Assignment =
In the entries that follow, find the line containing "- The spurious"; from there, copy every line exactly through the line containing "構造の柱や梁を残して、なくなった壁、天井。".
┄┄┄┄┄┄
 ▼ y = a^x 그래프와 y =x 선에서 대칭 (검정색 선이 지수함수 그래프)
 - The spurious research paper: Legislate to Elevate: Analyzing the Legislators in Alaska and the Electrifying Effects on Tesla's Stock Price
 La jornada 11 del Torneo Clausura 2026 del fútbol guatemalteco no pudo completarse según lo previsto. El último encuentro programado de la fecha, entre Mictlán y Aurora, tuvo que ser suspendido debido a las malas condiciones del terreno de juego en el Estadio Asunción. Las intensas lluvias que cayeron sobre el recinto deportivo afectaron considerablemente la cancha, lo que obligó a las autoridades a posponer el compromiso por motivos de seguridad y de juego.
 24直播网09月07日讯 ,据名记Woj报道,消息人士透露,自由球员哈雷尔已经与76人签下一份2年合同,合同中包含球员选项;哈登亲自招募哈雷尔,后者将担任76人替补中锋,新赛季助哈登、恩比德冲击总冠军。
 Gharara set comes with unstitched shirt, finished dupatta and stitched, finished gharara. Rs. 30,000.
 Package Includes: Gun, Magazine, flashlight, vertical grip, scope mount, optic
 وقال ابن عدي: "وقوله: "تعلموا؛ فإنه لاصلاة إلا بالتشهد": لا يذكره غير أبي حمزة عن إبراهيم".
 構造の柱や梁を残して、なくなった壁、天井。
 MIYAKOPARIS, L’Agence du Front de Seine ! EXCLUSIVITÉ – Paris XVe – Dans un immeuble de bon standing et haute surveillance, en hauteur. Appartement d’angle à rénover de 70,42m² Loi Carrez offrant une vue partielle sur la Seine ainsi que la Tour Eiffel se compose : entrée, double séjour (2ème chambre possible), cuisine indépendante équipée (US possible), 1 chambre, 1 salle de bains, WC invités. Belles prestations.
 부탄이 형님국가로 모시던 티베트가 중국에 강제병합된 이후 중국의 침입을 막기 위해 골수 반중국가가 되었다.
┄┄┄┄┄┄
Completed exercise =
 - The spurious research paper: Legislate to Elevate: Analyzing the Legislators in Alaska and the Electrifying Effects on Tesla's Stock Price
 La jornada 11 del Torneo Clausura 2026 del fútbol guatemalteco no pudo completarse según lo previsto. El último encuentro programado de la fecha, entre Mictlán y Aurora, tuvo que ser suspendido debido a las malas condiciones del terreno de juego en el Estadio Asunción. Las intensas lluvias que cayeron sobre el recinto deportivo afectaron considerablemente la cancha, lo que obligó a las autoridades a posponer el compromiso por motivos de seguridad y de juego.
 24直播网09月07日讯 ,据名记Woj报道,消息人士透露,自由球员哈雷尔已经与76人签下一份2年合同,合同中包含球员选项;哈登亲自招募哈雷尔,后者将担任76人替补中锋,新赛季助哈登、恩比德冲击总冠军。
 Gharara set comes with unstitched shirt, finished dupatta and stitched, finished gharara. Rs. 30,000.
 Package Includes: Gun, Magazine, flashlight, vertical grip, scope mount, optic
 وقال ابن عدي: "وقوله: "تعلموا؛ فإنه لاصلاة إلا بالتشهد": لا يذكره غير أبي حمزة عن إبراهيم".
 構造の柱や梁を残して、なくなった壁、天井。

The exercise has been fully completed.